Дожать Россию! Как осуществлялась Доктрина ЦРУ - стр. 37
Чтобы подтвердить свои слова, приведу следующий факт. Все имеющиеся в наличии боеприпасы для тяжелой артиллерии сухопутных войск, не считая снарядов для тяжелых гаубиц, уместились бы в восьми с половиной железнодорожных составах, так как серийное производство снарядов началось лишь летом 1939 года. После окончания боев в Бельгии и Северной Франции в начале июня 1940 года достаточно боеприпасов имелось лишь для легких полевых гаубиц. Что же касается снарядов для тяжелой полевой артиллерии, то они к этому времени были почти полностью израсходованы.

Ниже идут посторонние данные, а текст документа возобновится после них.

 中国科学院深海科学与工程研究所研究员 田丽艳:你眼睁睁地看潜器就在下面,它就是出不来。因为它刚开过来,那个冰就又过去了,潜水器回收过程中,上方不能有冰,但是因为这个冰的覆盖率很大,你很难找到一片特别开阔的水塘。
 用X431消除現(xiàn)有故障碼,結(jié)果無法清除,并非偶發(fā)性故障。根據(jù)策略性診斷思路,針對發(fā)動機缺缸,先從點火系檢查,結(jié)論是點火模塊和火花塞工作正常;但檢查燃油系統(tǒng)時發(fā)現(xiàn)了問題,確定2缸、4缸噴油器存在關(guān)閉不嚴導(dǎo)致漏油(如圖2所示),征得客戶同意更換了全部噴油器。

Посланник фон Этцдорф, ставший после войны нашим послом в Лондоне, был придан моему отделу в качестве офицера связи от министерства иностранных дел. Как-то в беседе, когда речь зашла о названии одного из трудов Шопенгауэра «Мир как воля и представление», он, имея в виду далекое от действительности мышление Гитлера, с горечью заметил: «Мир как воля, но без представления реальностей».

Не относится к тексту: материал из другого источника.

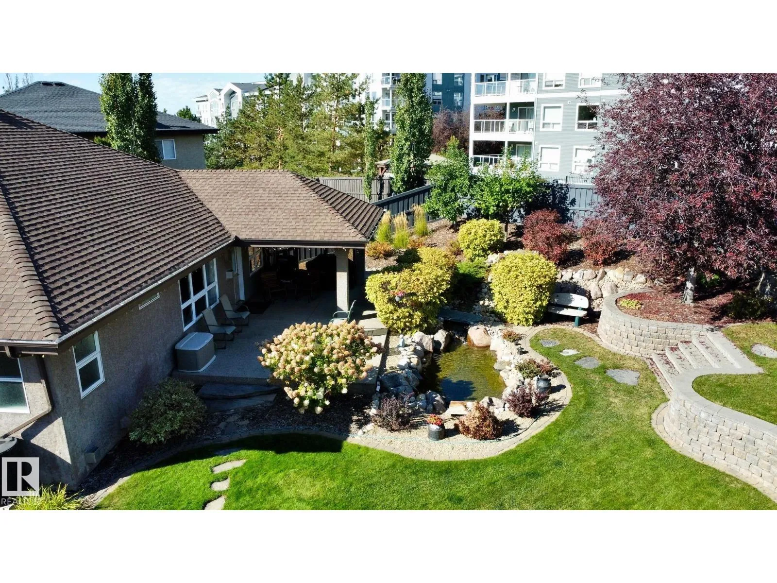 The main floor features include hardwood and tile flooring, vaulted ceilings, security system, in-floor heating and a pantry storage. The basement is fully finished with family room, fireplace and wet bar, bedroom, bathroom with a 5′ shower surround and a furnace/storage room.There is a double attached garage with a floor drain and in-floor heating. Property consists of wood chip beds,
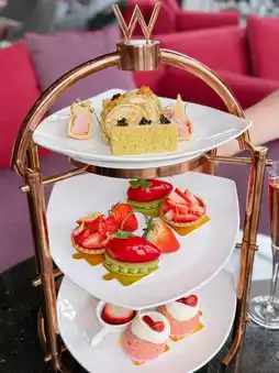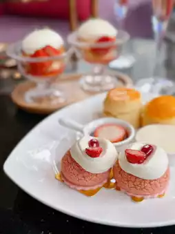 Spread with homemade strawberry jam, the sweet and tangy fruit aroma combined with smooth cream, paired with the included Ruinart Brut Rosé pink champagne 🥂 shimmering with a rose gold hue, faint berry aroma perfectly matches the desserts—just right!
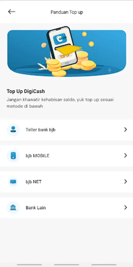 DigiCash provides electronic money services based on bank bjb servers with the advantage of providing convenience in conducting transactions in real time anytime and anywhere using a smartphone for bank bjb customers and non bank bjb customers.
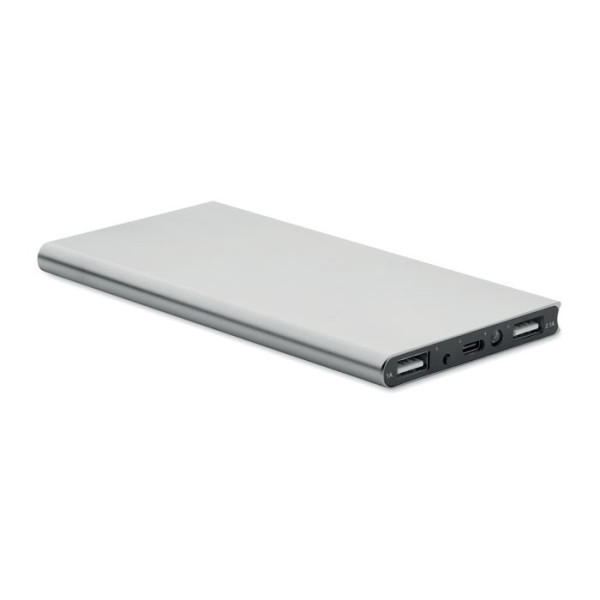 Powerbank 8000 mAh van gerecycled aluminium. Capaciteit voor smartphonegebruik, uitgangsstroom...meer

В течение долгих лет мы смотрели глазами противника на все происходящее в мире и на фронтах, чтобы вжиться в характер его мышления и намерений. Поэтому нам удалось вовремя установить: чем дальше, тем больше росла уверенность Советов в конечной победе. И мы были вынуждены признать, что этот процесс вполне обоснован. Вот почему раньше и острее, чем у других, у нас возникло предчувствие неотвратимо приближающейся катастрофы.
Вполне понятно, что при этом непроизвольно возникал вопрос: что же надо делать, когда такое случится? Конечно, подобные мысли приходят не сразу. Они созревают в ходе долгого и мучительного раздумья, часто прерываемого повседневными заботами. Так думал не только я, но многие сотрудники отдела, прежде всего мой преемник Вессель, ставший впоследствии президентом Федеральной разведывательной службы. Нашему единомыслию благоприятствовало то обстоятельство, что мы были, образно говоря, защищены от давления извне благодаря сплоченности моих сотрудников, выдержавших не одно суровое испытание, и полному доверию друг другу. Даже офицер «по национал-социалистическому воспитанию» в моем отделе не был исключением. Но так было далеко не везде. В других подразделениях генштаба можно было встретить радикальные настроения, как в форме ярко выраженного национал-социализма, так и безудержного фатализма. И неудивительно: затянувшаяся неудачная война и непрерывный массированный идеологический пресс оказывали сильное воздействие на военных, особенно молодых офицеров.
Не считая забот о семьях, личное будущее беспокоило нас в меньшей степени. А вот судьба отечества внушала нам большую тревогу. В результате удачно проведенных разведывательных операций вскоре после Тегеранской и Ялтинской конференции мы получили сведения о планах союзников. В них шла речь о разгроме Германии и ее послевоенном разделе. Поэтому у нас не было никаких иллюзий в отношении того, что ожидало Германскую империю. Не возлагали мы никаких надежд и на то, что сразу же по окончании войны во вражеской коалиции произойдет раскол, хотя такое мнение часто высказывалось в войсках. И в то же время мы не могли смириться с мыслью о полном крахе Германии.